Despite the slowdown in the world economy, the total amount of giving to charity has continued to increase, according to the British organization Charities Aid Formation. The World Giving Index 2013 reveals another curious result: It is the developing countries that are driving growth in charity and the material wealth of individuals isn’t always a sign of their willingness to donate to a good cause.
The World Giving Index 2013 looks at data collected in 2012 from 135 countries and that account for 94% of the world’s population. The study is based on Gallup polls, conducted as part of their World Poll initiative. The statistical data obtained is then interpreted by analysts at the British Charities Aid Foundation (CAF) into three categories: helping a stranger, donating money to charity organizations, and volunteering. The total of these three components determines a country’s ranking in the Index.
The Index leader this year was the United States, which previously held this title in 2011, passing the top spot to Australia in 2012. America came out on top in charitable donations because Americans gave more to needy strangers in 2012. And even while there was relatively stable distribution among the top places across Western countries, this year’s Index was a direct confirmation of a global trend – that people from developing countries are more and more frequently getting involved in such social processes. If you look at the number of people active in charitable giving in absolute numbers and not as a percentage, then India and China are clear leaders. On average, 654 million Indians per month gave some form of help in one of the three categories, while in China it was 531 million and in the U.S. it was 470 million.
Growth in charitable donations is primarily due to the fact that more people are directly helping the needy. Compared with previous editions of the Index, this amounted to 200 million more people, or twice the increase in the number of people who volunteer or make cash donations.
It is unusual that there was a three-way tie for second place in the 2013 Index among Canada, Myanmar, and New Zealand. In each of these countries, 58% of the population participated in one form of charity or another during the month the surveys were conducted. However, the preferences of these countries varied greatly. The most popular way to do a good deed in Myanmar and Canada was through financial assistance to charitable organizations (85% and 68%, respectively), while New Zealanders, in addition to financial donations (made by 67% of the population), think that personal aid to needy strangers is just as important. Topping the Index in 2012 and 2010, Australia dropped this year to seventh behind Ireland and the UK. Among the other top ten charitable countries were the Netherlands, Qatar, and Sri Lanka.

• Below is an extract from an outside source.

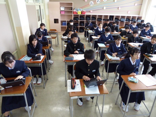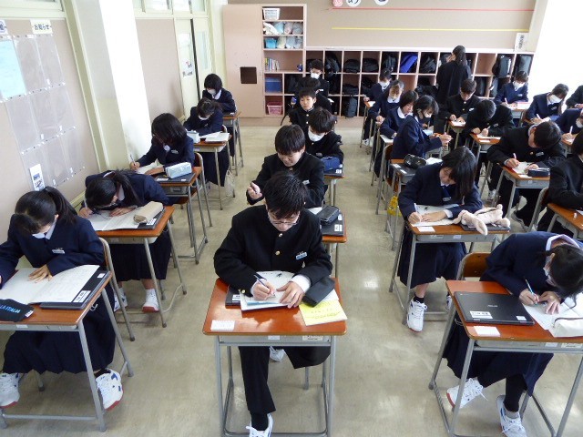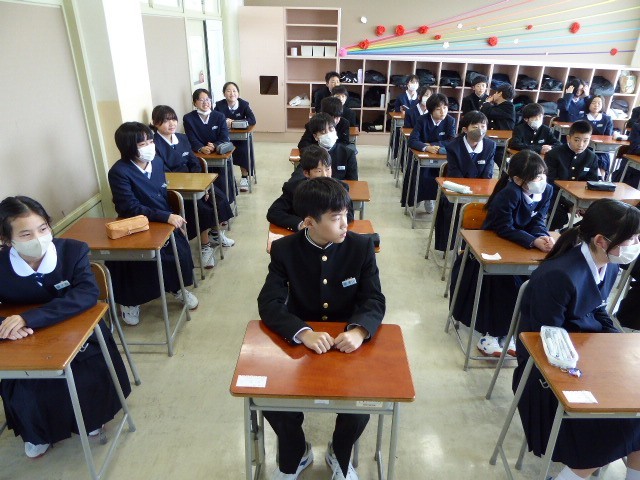 4月14日(月)1年生2限 その2 公開日 2025/04/14 更新日 2025/04/14 1学年 4組は、タブレット端末の設定をしていました。 5組は、「中学生になって」という作文を書いていました。 6組は、生活班の発表を待っていました。

On the topic of gender preferences, it’s worth noting that women universally much prefer to donate money while men prefer to give their time, whether through personally helping strangers or through volunteer work. There are also differences among age groups.
It is no secret that the older a person is, the more likely it is that he or she wants to help others without compensation. This axiom is confirmed in all editions of the Index’s publication, beginning in 2010. But CAF analysts revealed that last year, the gap between the 50+ age group and others closed slightly, thanks to the younger generation’s becoming more involved. Compared to 2012, the number of people who give money to charity grew by 1% in the 2013 Index in the 15-24, 25-34, and 35-49 age brackets, while the 50+ group grew by just 0.4%.
Younger well-to-do people are more cautious in choosing the organizations they will donate to, according to the Innovation in Giving Fund. A sociological survey of wealthy people conducted by Scorpio Partnership shows that 58% of all sponsors under age 30 spend weeks or even months searching for projects to support with their money. Younger people are also more likely to follow up the social impact and results of their donations – 81% versus 72% of those over 45 years of age.
The Poorer, The More Generous
We might logically assume that the higher the income of a nation’s citizens, the more likely and possible it is that they will donate to charity, which is why the World Giving Index 2013 is surprising.
The country giving more financial support to charitable organizations than any other is Myanmar, where 85% of adults stated that they give money to charity. Myanmar also happens to be one of the least developed countries in the world and has very low income per capita. This fact only confirms that financial contributions depend less on the wealth of a donor and more on his desire to help. People who have themselves as some point been needy are more willing to part with money to help others. This trend is confirmed by the fact that eight of the top ten countries in the Index do not belong to the G20, which collectively represents 90% of the global gross national product. In absolute qualitative terms, another developing county, India, gives more financial aid to charities than any other (more than 244 million people in the month of the survey).